К утру субботы лихорадка ослабла, капельницу и кислородную маску убрали. Тэйсин уже мог садиться в постели и съедать самостоятельно чашку жидкой рисовой каши. После обеда приходила Мисако со сладким чаем, яблоками и мандаринами. Сидя у постели, она чистила фрукты. Монах послушно их ел, однако было ясно, что его знаменитый аппетит остался в прошлом.
В понедельник он смог уже сам доплестись до туалета, но все еще был очень слаб. Несколько раз в день приходилось терпеть неприятные лечебные процедуры. Медсестра входила в палату в большом белом переднике с непреклонным огоньком в глазах, и Тэйсин понимал, что сейчас должен будет лечь поперек койки, уткнувшись лицом в специальное корытце из нержавеющей стали, а женщина начнет мять и выколачивать его спину, словно матрас, пока измученные вконец легкие не сожмутся в конвульсиях, выбрасывая из себя отвратительную грязно-желтую мокроту. Хуже всего было, когда в палате в этот момент присутствовали Кэйко или Мисако, наблюдая за его унижением. Тем не менее сам факт проявления эмоций свидетельствовал об улучшении состояния больного.
Больничная рутина была слегка нарушена в понедельник вечером. Кэйко отмечала свой день рождения, и семья Итимура собралась втроем — Таро уже отбыл в университет — на праздничный обед сукияки.

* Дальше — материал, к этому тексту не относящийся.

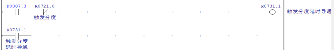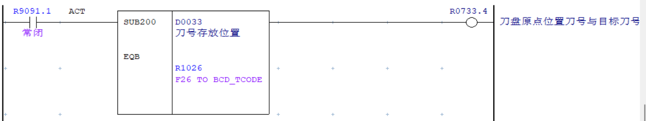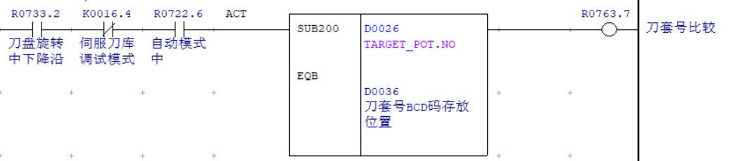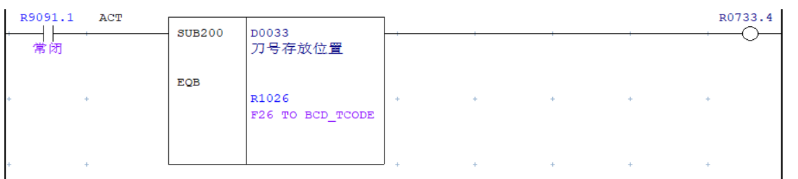 由于“自動分度模式”需在伺服驅(qū)動器在收到系統(tǒng)賦予的刀號后才能進(jìn)行尋刀切該模式需觸發(fā)0.2秒以上才能進(jìn)入,因此不能直接使用F7.3選刀信號進(jìn)行觸發(fā)而使用中間繼電器,且延遲0.2秒導(dǎo)通并進(jìn)行互鎖,確保“自動分度模式”可以正常觸發(fā)。刀盤選刀完成后導(dǎo)通SUB200功能指令進(jìn)行刀盤換刀位置刀套內(nèi)刀號與目標(biāo)刀號的比較,一致時輸出R733.4信號打斷“自動分度模式” 互鎖,完成整個選刀過程。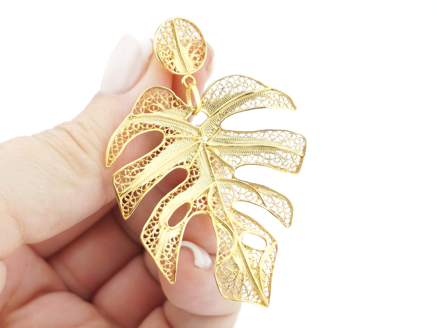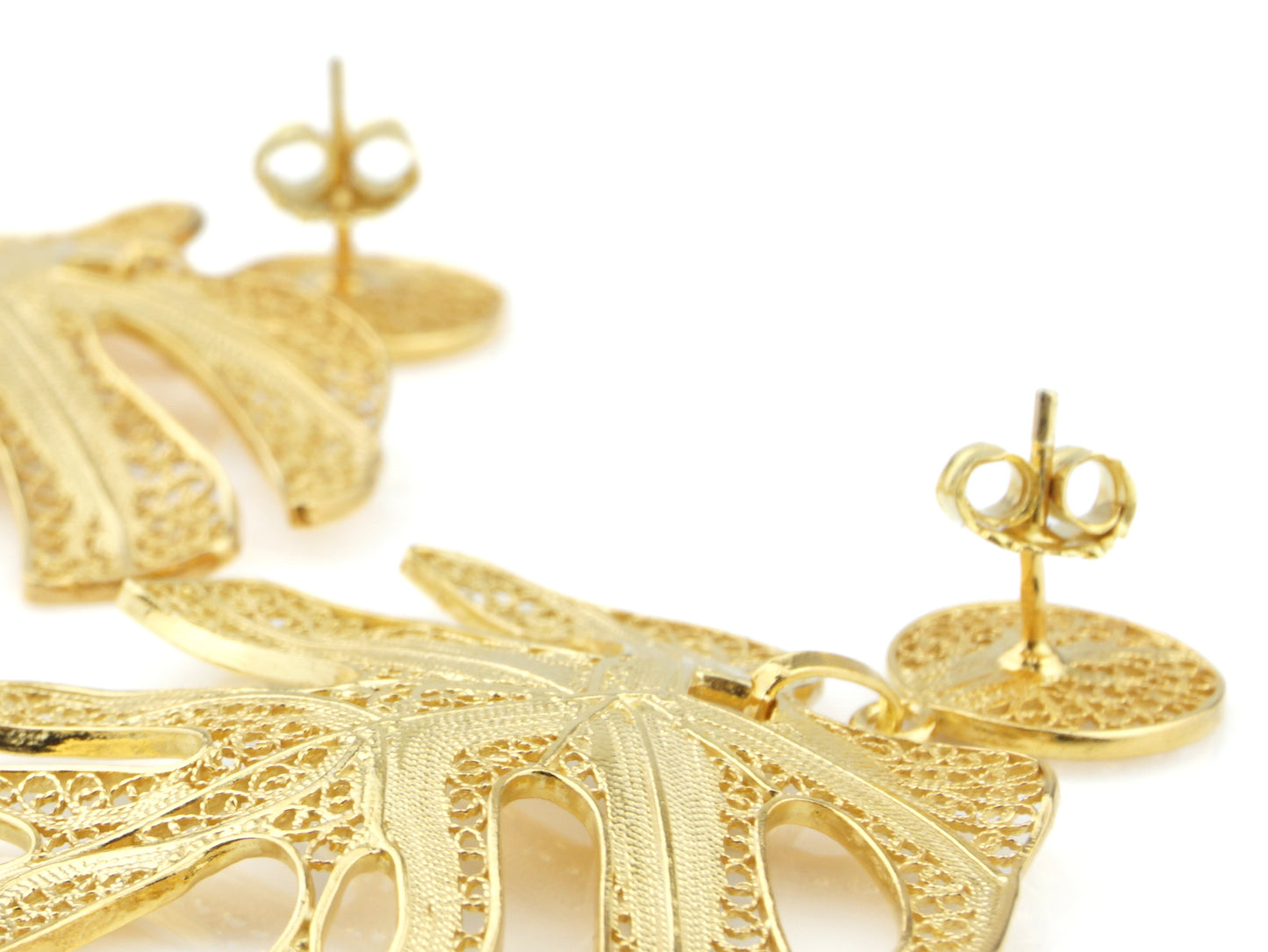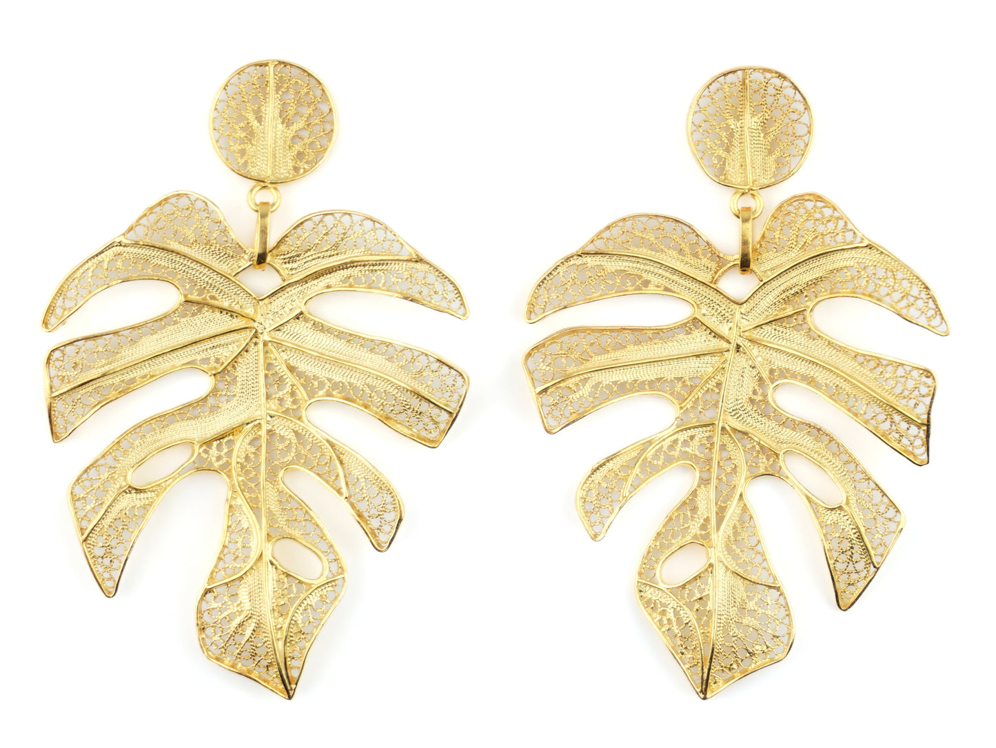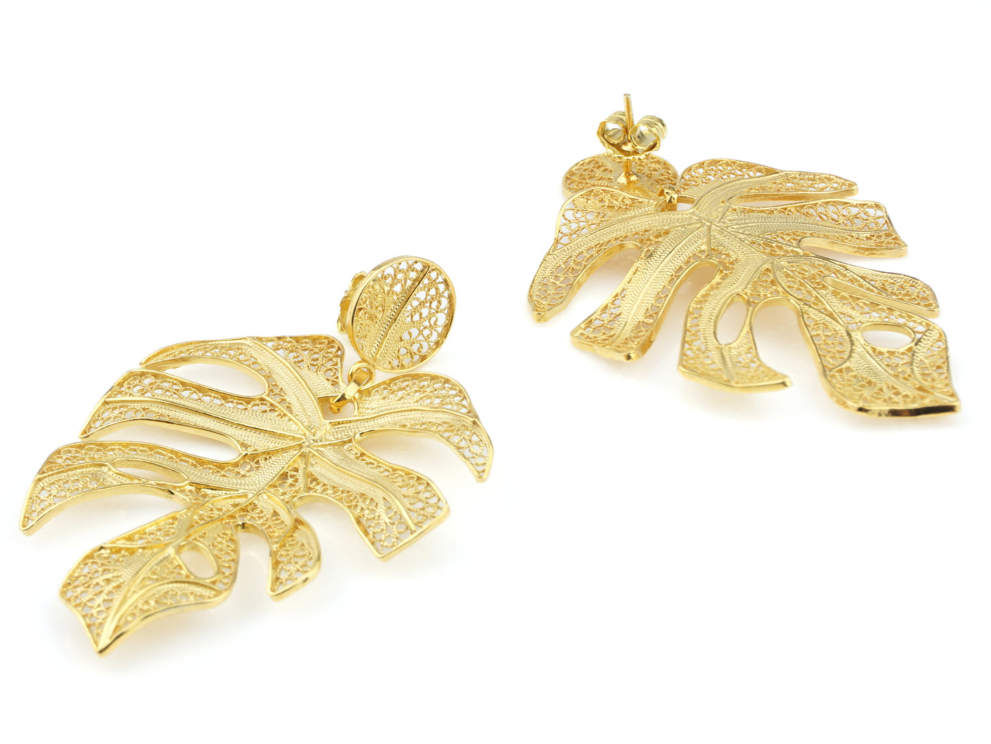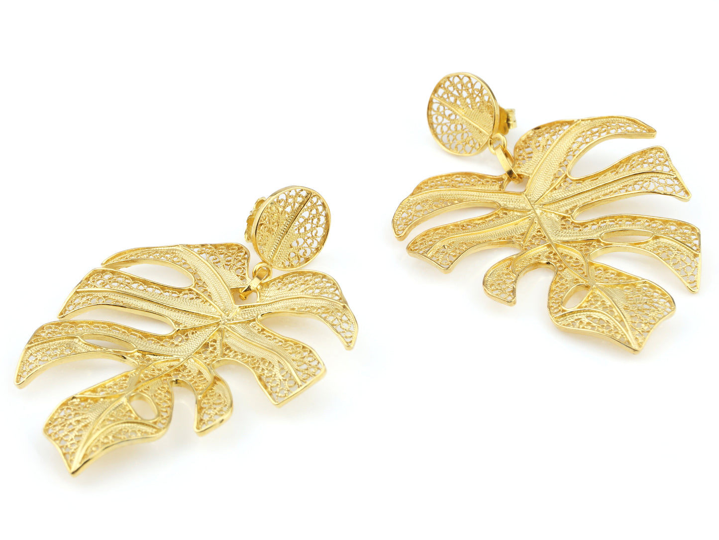 Elegantes Brincos Folha extra grande, de tornilho. Filigrana Portuguesa, feito em Portugal em Prata de Lei 925, com Banho de Ouro.

В конце обеда после чашечки теплого сакэ Мисако, преодолев стыд и унижение, рассказала, как ездила в дом мужа забрать кимоно.
— Просто трудно поверить, — покачал головой доктор. — Неужели люди способны так себя вести?

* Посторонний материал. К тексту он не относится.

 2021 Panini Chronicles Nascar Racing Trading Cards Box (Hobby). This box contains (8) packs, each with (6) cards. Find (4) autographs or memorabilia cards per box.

Кэйко слушала дочь с каменным лицом. Когда дело дошло до денег в хозяйственном пакете, они с мужем пораженно переглянулись.
— Дядя Хидео об этом знает? — поинтересовалась Кэйко.
— Я с ним не общалась, — опустила глаза Мисако.
Мать выпрямилась, ее нос с легкой горбинкой надменно задрался вверх.
— Ну так узнает, — пообещала она. — Я ему напишу.
— Мама, пожалуйста! — взмолилась Мисако. — Не надо никому писать! Какой смысл? С браком все равно покончено, ничего уже не изменишь. — Она начала всхлипывать. — Любовница Хидео ждет ребенка… Оставим их в покое.
Кэйко подала дочери салфетку.
— Вытри глаза и успокойся! Тебе никогда больше не придется иметь дело с семьей Имаи… А вот им теперь придется иметь дело со мной.